It was music to the ears of my clinical partner and I - two typically UPSA-obsessed medical students.

"She is very poorly..she won't get better again. We are waiting for her son to fly in from America tomorrow morning to see her", she continued. 
("...for the last time", she could have added.)

So my clinical partner and I, armed with the blood glucose and ketone monitoring kit thingy, approached the bed of the lady who came back from the dead yesterday.
Around her machines beeped and sighed; as if lamenting the situation, as if grudgingly acknowledging the futility of the task they have been set up to do - to keep her in an artificial state of life.

Then again, was she really alive? 
I mean,
her brain is present..but her thoughts were most likely not.
Her lungs exchanging gases..but only with the persuasion of those sighing machines.
Her anatomy complete..but yet, very much like a piece of meat which though has not yet decomposed, is already past its date of expiry.

She lies down there asleep, never to wake up again; a living corpse.
She still exists, but I dare not say she is still alive.

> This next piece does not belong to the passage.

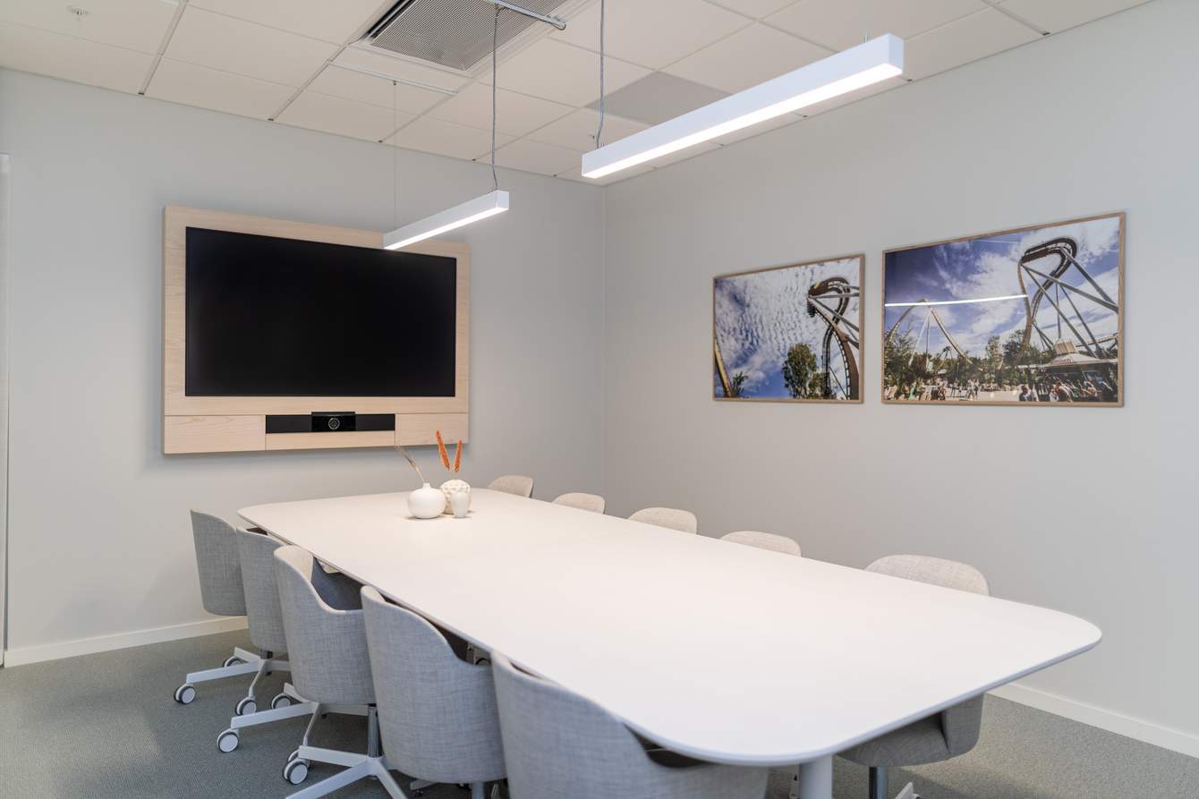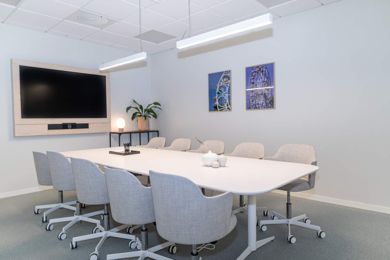 A large and airy meeting room with a view, suitable for up to 16 people. The room is inspired by the camera company Hasselblad. It offers a fixed board seating and includes a TV & webcam, whiteboard, and notepads with pens.

If those thoughts were on my mind, I pushed them aside to focus on the task at hand 
as I took her hand, still warm (my hands ironically colder than those of a dying lady),
pricked her finger, and tried to coax a drop of blood out of her.

Bumbling medical student that I was, though, I tried and failed a few times - one time I would drop the sample collecter to the floor, on the next try the blood would stubbornly refuse to come out, etc etc.
The only comfort I could draw from the situation was that my clinical partner was just as clumsy.


As we struggled on incompetently by the patient, I noticed the staff nurse in conversation with another healthcare professional (the pharmacist?).
I no longer remember what they said - but what I recall was the cheerful nature of the chat.
It struck me as disrespectful somewhat: here was a lady who was about to die, at the very latest, in the next 48 hours (if she isn't already classed as dead) - but there you are chatting away like nothing of significance is going on!
This lady, lying prone on the bed, is a person - a human being was once upon a time born into this world, grew up with loved ones, probably went to school somewhere, went to work, fell in love, became a mother herself (maybe even a grandmother?).
God knows the joy and grief she went through in this experience called Life; and how, along that journey, she has touched the lives of those around her - her loved ones, her friends, her acquaintances, or even strangers.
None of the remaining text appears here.